- Born: Ralph Edgar Thorson Jr. July 11, 1926 Anaconda, Montana, U.S.
- Died: November 17, 1991 (aged 65)
- Occupation: Bounty hunter

= Ralph "Papa" Thorson =

American bounty hunter (1926–1991)

Ralph Edgar "Papa" Thorson Jr. (July 11, 1926 – November 17, 1991) was an American bounty hunter. In 1976, he was the subject of a biography by Christopher Keane. In that biography, Sue Lyon states, "He's the only man I know who can do a bastard's job with taste and come off looking like a nice guy." The 1980 movie The Hunter starring Steve McQueen was based on Christopher Keane's book.

At 310 pounds (140 kg) and six-foot-two (188 cm), Keane states, there is a "different Papa than the modern day bounty hunter. Papa is also a church bishop; Master bridge champion; renowned astrologer; criminology alumnus of the University of California, Berkeley; child nutritionist, aficionado of classical music."

Papa was born on 11 July 1926 in Anaconda, Montana. His mother, the former Margaret Hayford, had married his father, Ralph Edgar Thorson, Sr., in 1923. The Thorson family had immigrated from Norway in 1886, while the Hayford family had immigrated from England in 1635.
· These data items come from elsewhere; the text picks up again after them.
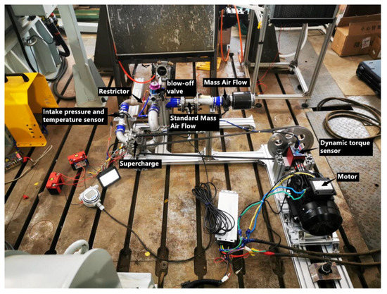 To determine the volumetric and thermal efficiencies of the supercharger, a test bench for supercharger characteristics was designed and built in the research process, as shown in Figure 9.
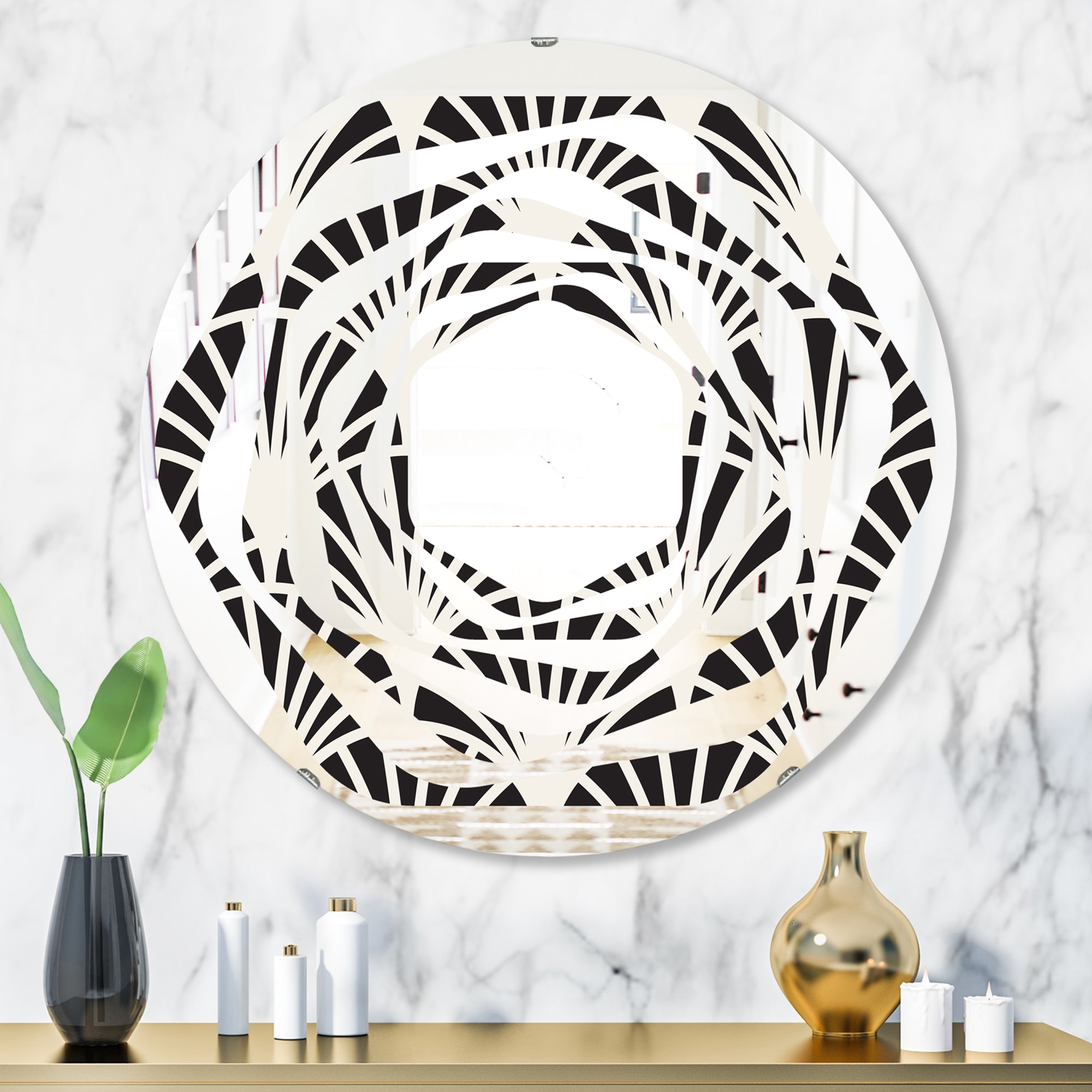 Designart 'Art Deco Seal pattern' Printed Modern Round or Oval Wall Mirror - Space
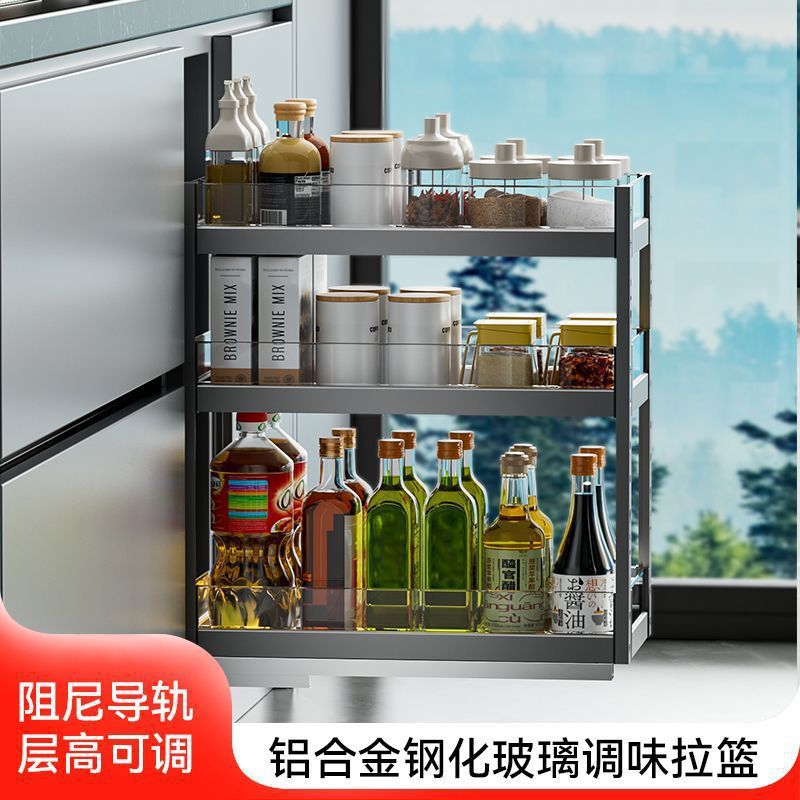 引き出し式キッチンキャビネット調味料バスケット非常に狭い引き出しキャビネット小型ステンレスガラス調味料バスケット

Papa served in the U.S. Navy during World War II, first in flight training and then on board the USS Ingersoll. Following the war, he returned home to Anaconda, but moved to San Rafael, California with his mother, after his father died. At 22, he had a short duration marriage to a "rich girl" named Samantha while simultaneously attending Berkeley, working as a Juvenile Counselor and building a house.

In June 1948, Papa was a pre-med major at Berkeley, while working the summer vacations bartending at Hoberg's Resort Hotel in Lake County, California. There Papa met a San Francisco bail bondsman named A. Boyd "Pooch" Puccinelli, whom he started working for in early September. Papa changed majors to criminology, learned how to scuba dive and play bridge, then moved to Los Angeles in 1958. There he started working for bail bondsman Richie Blumenthal. In 1968 Papa bought a two bedroom North Hollywood home across from James Doohan.

In 1965, Papa's girlfriend, Dotty Barras, and her son Kenny, moved in. It was Kenny who gave him the name Papa. From 1969 to 1976, over a hundred people lived in Papa's house at various times. "They consisted mostly of men Papa had picked up and sent to jail. Not only did he house them and find them jobs where he could, he counseled them, loaned them money, sometimes bailed them out, and only rarely kicked them out when they took extreme advantage." During that time, Papa also served the Temple of Inspired Living as a bishop, which enabled him to perform marriages, and negotiate civil and religious matters on behalf of the Temple. By 1976, Papa had logged 5,000 cases, including Squeaky Fromme plus another Manson Family member picked up at Spahn Ranch.

Papa's fee was 20 percent of the bail. However, when on a weekly retainer to Blumenthal, his fee dropped to 10 percent. A financial disagreement in June 1969 put a three-year hiatus to their bondsman/bounty hunter business arrangement.

Papa's habits included taping most of his phone conversations, "and instead of writing letters he tapes his voice and mails off the cassettes." His view on astrology was that it discovered "what we are and not how we'd like to see ourselves." His attributed his luck in a dangerous profession to "picking the right astrological moment to hunt the man down." Papa states, "I relied on...a condition...which happens when I confront a situation I'm not exactly sure of, a dream-like state where everything moves in slow motion. Fear is not permitted because the territory around me is my own. I control it. I expect to succeed. I'm sure of it. Not cocky, but convinced. It's almost as if some secret force jacks up my perceptions. It's a twilight zone. I enter it just moments before the confrontation. It might be the reason I'm still alive."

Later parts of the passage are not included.